Collection entries:
▽

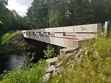 The main span of the Forest Route 157–Tamarack River Bridge was 50 feet (15 m) long and 19 feet (5.8 m) wide, with a roadway width of 17 feet (5.2 m).[2] The bridge represented a standard 1915–16 Michigan State Highway Department design. The bridge consisted of two concrete girders resting on concrete abutments with angled wingwalls. The bridge was modestly detailed, with recessed rectangular panels on the outside walls and bronze "Trunk Line Bridge" plates (since removed) on the girders' inside walls.[2]
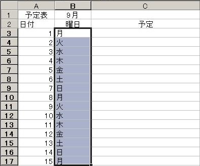 すると、すごいです!月、火、水、木、金、土、日、と、曜日が自動で入力されました
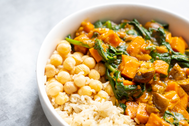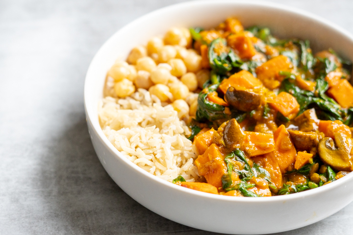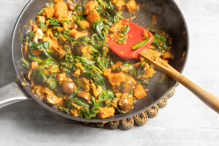 Dan natuurlijk de groenten. Dit keer zoete aardappel, champignon en spinazie. Lekker veel vitamines en door de aardappel ook stevig. Bij de curry kun je serveren wat je lekker vindt. Rijst, kikkererwten of naanbrood. Alles is er lekker bij.
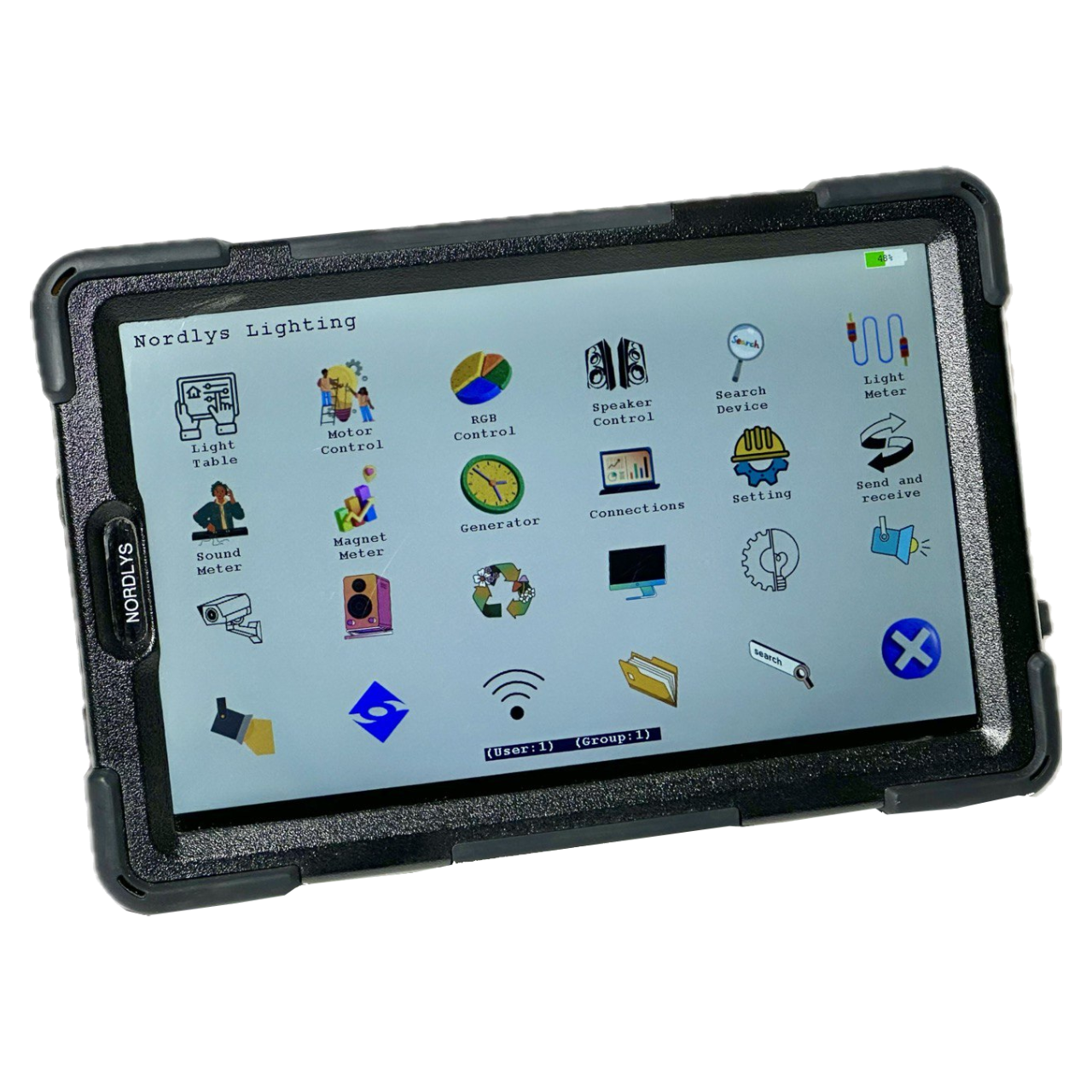 Visualize an environment that you can take control of all the NORDLYS devices in that place Wirelessly, through TANYA which is equipped with several digital sensors that makes it a true IOT device ; we can claim TANYA is smart enough to recognize all of NORDLYS On-Devices in The environment. when ever user attempts to SEARCH them,TANYA is able to show which NORDLYS Devices are ON and even show the features of that devices (power, addresstype, etc) therefore by accessing to the Menu of the desire device, user can change the address and other parameters of it by TANYA without any need of reaching to the device itself; ofcourse accessing to the device installed in height wouldn't be that much easy unless you have a NORDLYS TANYA!
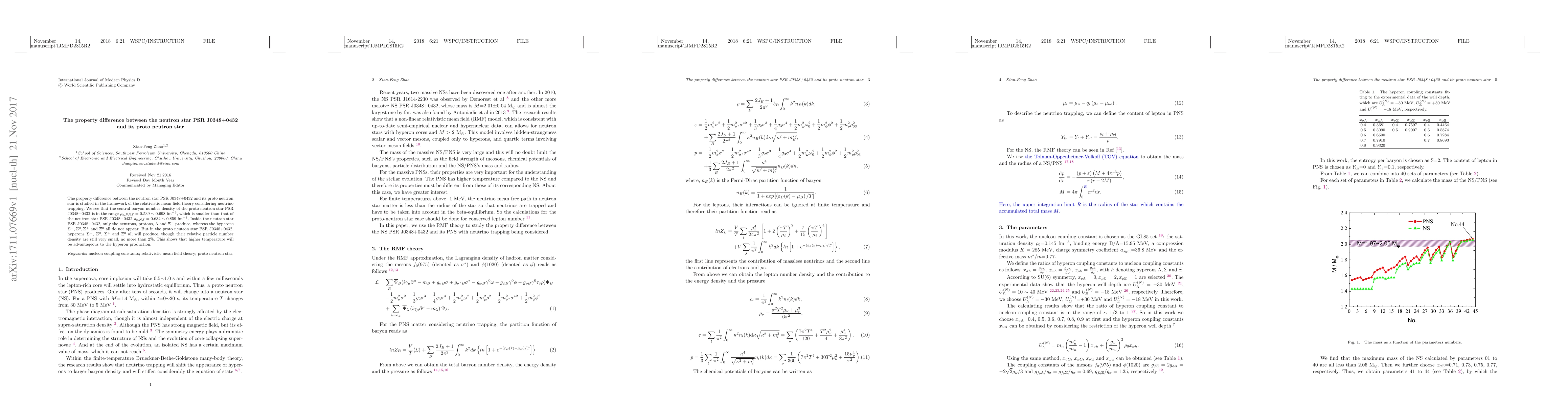 The property difference between the neutron star PSR J0348+0432 and its proto neutron star is studied in the framework of the relativistic mean field theory considering neutrino trapping. We see that the central baryon number density of the proto neutron star PSR J0348+0432 is in the range $\rho_{c, PNS}=0.539\sim0.698$ fm$^{-3}$, which is smaller than that of the neutron star PSR J0348+0432 $\rho_{c, NS}=0.634\sim0.859$ fm$^{-3}$. Inside the neutron star PSR J0348+0432, only the neutrons, protons, $\Lambda$ and $\Xi^{-}$ produce, whereas the hyperons $\Sigma^{-}, \Sigma^{0}, \Sigma^{+}$ and $\Xi^{0}$ all do not appear. But in the proto neutron star PSR J0348+0432, hyperons $\Sigma^{-}$, $\Sigma^{0}$, $\Sigma^{+}$ and $\Xi^{0}$ all will produce, though their relative particle number density are still very small, no more than 2\%. This shows that higher temperature will be advantageous to the hyperon production.
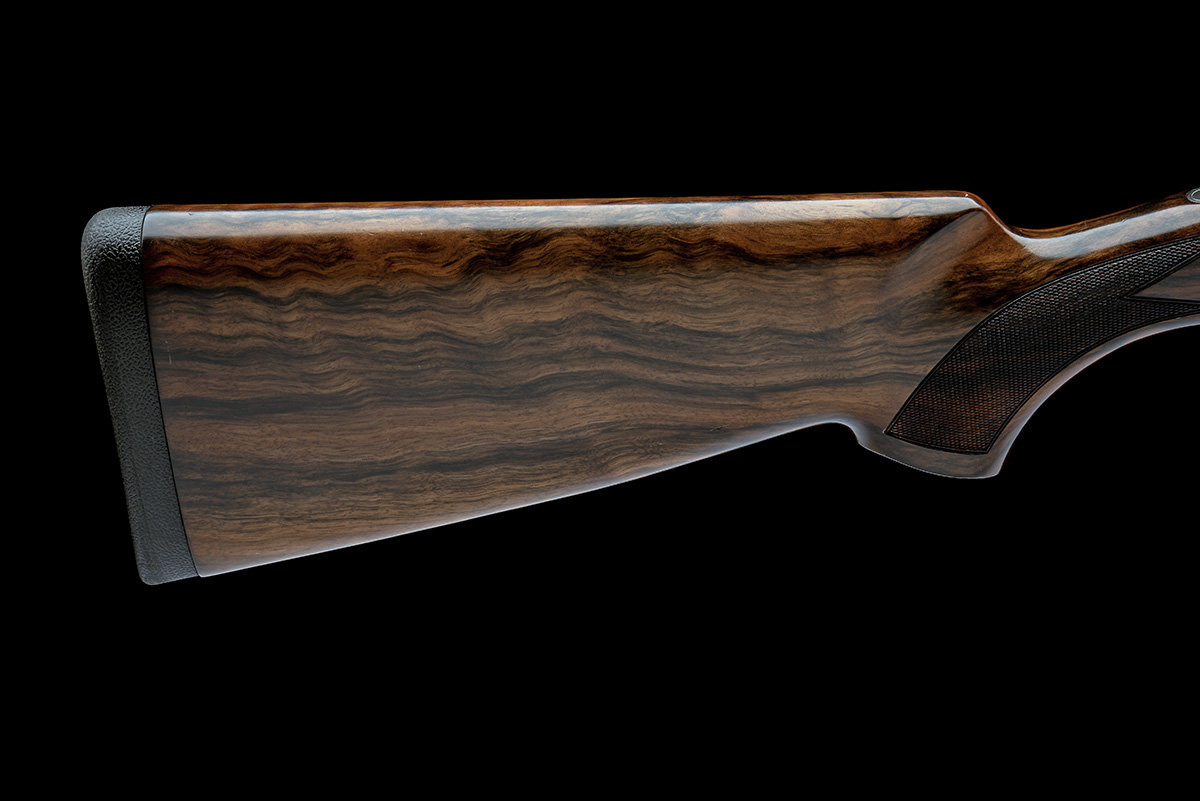 dated 2002, 28in. nitro barrels with 6mm ventilated matt top-rib, 3in. chambers, bored approx. imp. cyl. and 1/2 choke, hold-open toplever, automatic safety with integral barrel selector switch, gold-washed single trigger, engraved with foliate scroll, the decorative sideplates carved in relief with scenes of pheasant flushed from their naturalistic habitat and hound flushing partridge, silver finish, 14 3/4in. pistolgrip stock including 5/8in. rubber recoil pad, weight 7lb. 7oz.
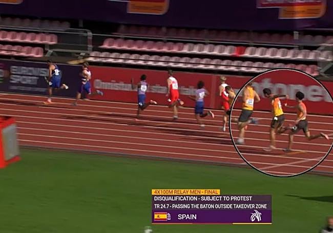 La resolución definitiva de los jueces tardó en llegar, pero acabaron confirmándose las malas noticias para el cuarteto español, que en semifinales logró el segundo mejor tiempo tras Gran Bretaña, que no consiguió llegar a meta con el testigo en la final. En las imágenes, en la repetición centrada en ese entrega entre Hernández y Garaiar, se veía claramente que entregaban fuera de zona. No habia lugar a la duda.
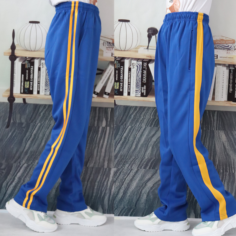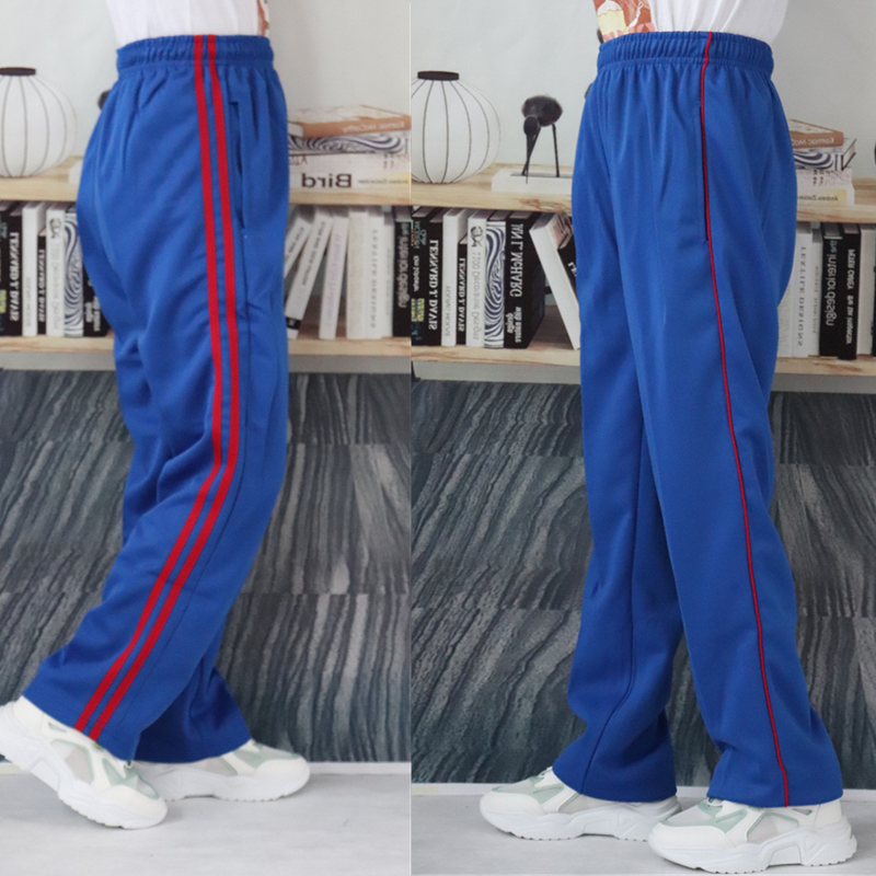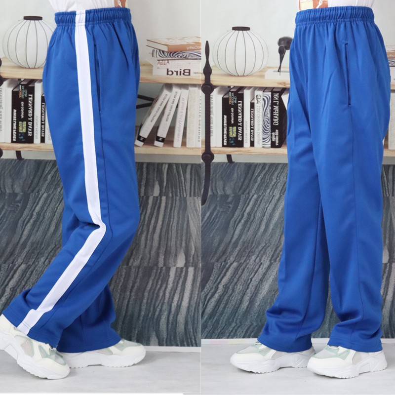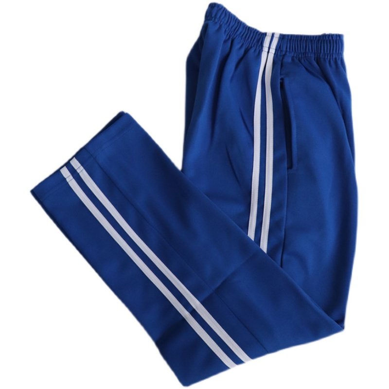 加绒宝蓝色初高中校服裤秋冬季两道白条一条白杠小学生宽松运动裤
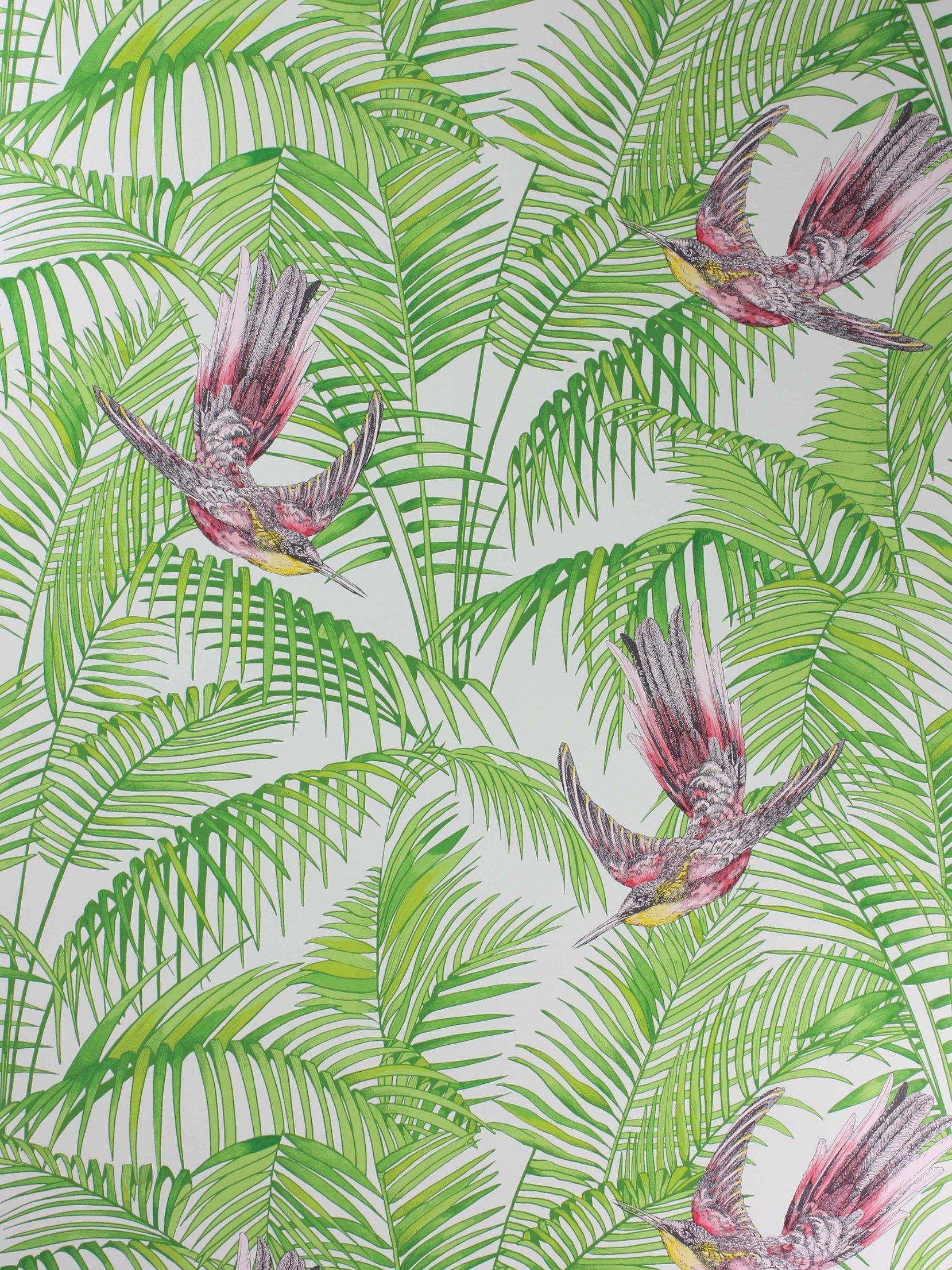 An exotic bird with extravagant plumage darting between rich foliage - designed by Matthew Williamson.

△

__DIRECTIONS__
Your reply should hold every line above exactly as written and none of the pictures.

__EXPECTED ANSWER__
 The main span of the Forest Route 157–Tamarack River Bridge was 50 feet (15 m) long and 19 feet (5.8 m) wide, with a roadway width of 17 feet (5.2 m).[2] The bridge represented a standard 1915–16 Michigan State Highway Department design. The bridge consisted of two concrete girders resting on concrete abutments with angled wingwalls. The bridge was modestly detailed, with recessed rectangular panels on the outside walls and bronze "Trunk Line Bridge" plates (since removed) on the girders' inside walls.[2]
 すると、すごいです!月、火、水、木、金、土、日、と、曜日が自動で入力されました
 Dan natuurlijk de groenten. Dit keer zoete aardappel, champignon en spinazie. Lekker veel vitamines en door de aardappel ook stevig. Bij de curry kun je serveren wat je lekker vindt. Rijst, kikkererwten of naanbrood. Alles is er lekker bij.
 Visualize an environment that you can take control of all the NORDLYS devices in that place Wirelessly, through TANYA which is equipped with several digital sensors that makes it a true IOT device ; we can claim TANYA is smart enough to recognize all of NORDLYS On-Devices in The environment. when ever user attempts to SEARCH them,TANYA is able to show which NORDLYS Devices are ON and even show the features of that devices (power, addresstype, etc) therefore by accessing to the Menu of the desire device, user can change the address and other parameters of it by TANYA without any need of reaching to the device itself; ofcourse accessing to the device installed in height wouldn't be that much easy unless you have a NORDLYS TANYA!
 The property difference between the neutron star PSR J0348+0432 and its proto neutron star is studied in the framework of the relativistic mean field theory considering neutrino trapping. We see that the central baryon number density of the proto neutron star PSR J0348+0432 is in the range $\rho_{c, PNS}=0.539\sim0.698$ fm$^{-3}$, which is smaller than that of the neutron star PSR J0348+0432 $\rho_{c, NS}=0.634\sim0.859$ fm$^{-3}$. Inside the neutron star PSR J0348+0432, only the neutrons, protons, $\Lambda$ and $\Xi^{-}$ produce, whereas the hyperons $\Sigma^{-}, \Sigma^{0}, \Sigma^{+}$ and $\Xi^{0}$ all do not appear. But in the proto neutron star PSR J0348+0432, hyperons $\Sigma^{-}$, $\Sigma^{0}$, $\Sigma^{+}$ and $\Xi^{0}$ all will produce, though their relative particle number density are still very small, no more than 2\%. This shows that higher temperature will be advantageous to the hyperon production.
 dated 2002, 28in. nitro barrels with 6mm ventilated matt top-rib, 3in. chambers, bored approx. imp. cyl. and 1/2 choke, hold-open toplever, automatic safety with integral barrel selector switch, gold-washed single trigger, engraved with foliate scroll, the decorative sideplates carved in relief with scenes of pheasant flushed from their naturalistic habitat and hound flushing partridge, silver finish, 14 3/4in. pistolgrip stock including 5/8in. rubber recoil pad, weight 7lb. 7oz.
 La resolución definitiva de los jueces tardó en llegar, pero acabaron confirmándose las malas noticias para el cuarteto español, que en semifinales logró el segundo mejor tiempo tras Gran Bretaña, que no consiguió llegar a meta con el testigo en la final. En las imágenes, en la repetición centrada en ese entrega entre Hernández y Garaiar, se veía claramente que entregaban fuera de zona. No habia lugar a la duda.
 加绒宝蓝色初高中校服裤秋冬季两道白条一条白杠小学生宽松运动裤
 An exotic bird with extravagant plumage darting between rich foliage - designed by Matthew Williamson.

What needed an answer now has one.